As seen from (7), $ {\eta}_{150} $ is a unitless proportion (the unit of the error between the simulation and the filtered measurement is either rad or rad/s, but we divide it by the standard deviation of the filtered measurement which has the same unit). The higher value indicates a higher discrepancy between simulation and measurement.

The explanation of (7) is as follows. Given $ N={N}_{\mathrm{steps}}=150 $ simulation steps to take into account, we calculate simulations from all possible starting positions, meaning that if we have 15,000 samples, then we start from $ {N}_{\mathrm{starts}}=15000-150=14850 $ different time steps, and calculate a forward simulation of 150 steps from each of them. Figure 6 shows this concept.
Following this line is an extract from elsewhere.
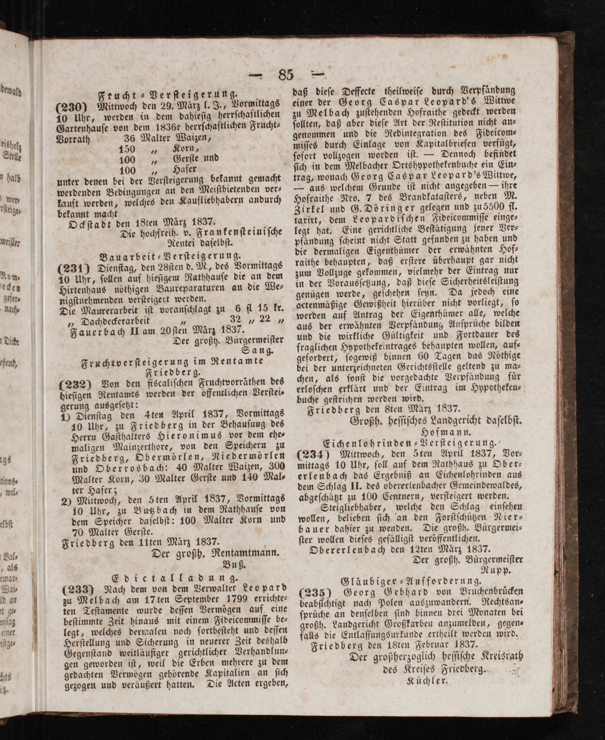 daß dieſe Deffecte theilweiſe durch Verpfändung einer der Georg Caspar Leopard's Wittwe zu Melbach zuſtehenden Hofraithe gedeckt werden ſollten, daß aber dieſe Art der Reſtitution nicht an⸗ genommen und die Redintegration des Fideicom⸗ miſſes durch Einlage von Kapitalbriefen verfügt, ſofort vollzogen worden iſt.— Dennoch befindet ſich in dem Melbacher Ortshypothekenbuche ein Ein⸗ trag, wonach Georg Caspar Leopard's Wittwe, — aus welchem Grunde iſt nicht angegeben— ihre Hofraithe Nro. 7 des Brandkataſters, neben M. Zirkel und G. Dö ringer gelegen und zu 5500 fl. taxirt, dem Leopardiſchen Fideicommiſſe einge⸗ legt hat. Eine gerichtliche Beſtätigung jener Ver⸗ pfändung ſcheint nicht Statt gefunden zu haben und die dermaligen Eigenthümer der erwähnten Hof⸗ raithe behaupten, daß erſtere überhaupt gar nicht zum Vollzuge gekommen, vielmehr der Eintrag nur in der Vorausſetzung, daß dieſe Sicherheitsleiſtung genügen werde, geſchehen ſeyn. Da jedoch eine actenmäßige Gewißheit hierüber nicht vorliegt, ſo werden auf Antrag der Eigenthümer alle, welche aus der erwähnten Verpfändung Anſprüche bilden und die wirkliche Gültigkeit und Fortdauer des fraglichen Hypothekeintrages behaupten wollen, auf⸗ gefordert, ſogewiß binnen 60 Tagen das Nöthige bei der unterzeichneten Gerichtsſtelle geltend zu ma⸗ chen, als ſonſt die vorgedachte Verpfändung für erloſchen erklärt und der Eintrag im Hypotheken⸗ buche geſtrichen werden wird. Friedberg den Sten Marz 1837. Großh. heſſiſches Landgericht daſelbſt. Hofmann. Eichenlohrinden-Verſteigerung. (234) Mittwoch, den Sten April 1837, Vor⸗ mittags 10 Uhr, ſoll auf dem Rathhaus zu Ober⸗ erlenbach das Ergebniß an Eichenlohrinden aus dem Schlag II. des obererlenbacher Gemeindewaldes, abgeſchätzt zu 100 Centnern, verſteigert werden. Steigliebhaber, welche den Schlag einſehen wollen, belieben ſich an den Forſtſchützen Nier⸗ bauer dahier zu wenden. Die großh. Bürgermei— ſter wollen dieſes gefälligſt veröffentlichen. Obererlenbach den 12ten März 1837. Der großh. Bürgermeiſter Rupp. Gläubiger-Aufforderung. (235) Georg Gebhard von Bruchenbruͤcken beabſichtigt nach Polen auszuwandern. Rechtsan⸗ ſprüche an denſelben ſind binnen drei Monaten bei großh. Landgericht Großkarben anzumelden, gegen⸗ falls die Entlaſſungsurkunde ertheilt werden wird. Friedberg den 18ten Februar 1837. Der groß herzoglich heſſiſche Kreisrath des Kreiſes Friedberg. 5 Küchler.

As a result, we gain a three-dimensional array with dimensions $ \left[{N}_{\mathrm{steps}},{N}_{\mathrm{starts}},{N}_{\mathrm{channels}}\right] $ with $ {N}_{\mathrm{channels}}=12 $ as the number of states. Then we calculate the average of each of the squared errors between the simulated and measured states along the dimensions corresponding to the steps and starting positions, weighting the channels by $ \frac{1}{\sigma_{\mathrm{p}}} $ , to get a single number for the loss ultimately. Unfortunately, the initial physics-only Model 0.a evaluated this way shows a considerably high mismatch with the data, as seen in Figure 8.

Figure 6. Illustration of calculating the N-step-NRMS (7).

2.3. Objective: acceleration-based error measure

While we use the 150-step-NRMS error measure to evaluate the model, unfortunately, it is computationally costly. Instead, we applied an acceleration-based error measure during the training and validation steps: in those steps, the error must be recalculated in every epoch. We then applied a 150-step-NRMS error measure in the test phase afterward, which was calculated only once.

The simulation, implemented in PyTorch from Paszke et al. (Reference Paszke2019) becomes very slow once the physics-based model is applied. As an example, calculating the 150-step-ahead simulation from all the possible places with Model 3.a takes approximately 77 seconds on a computer with 10 CPU cores available. Applying the GPU acceleration and the Just-In-Time (JIT) compilation functionality built into PyTorch did not improve the overall speed, probably because the operations carried out are sequential and not suitable for the JIT fuser.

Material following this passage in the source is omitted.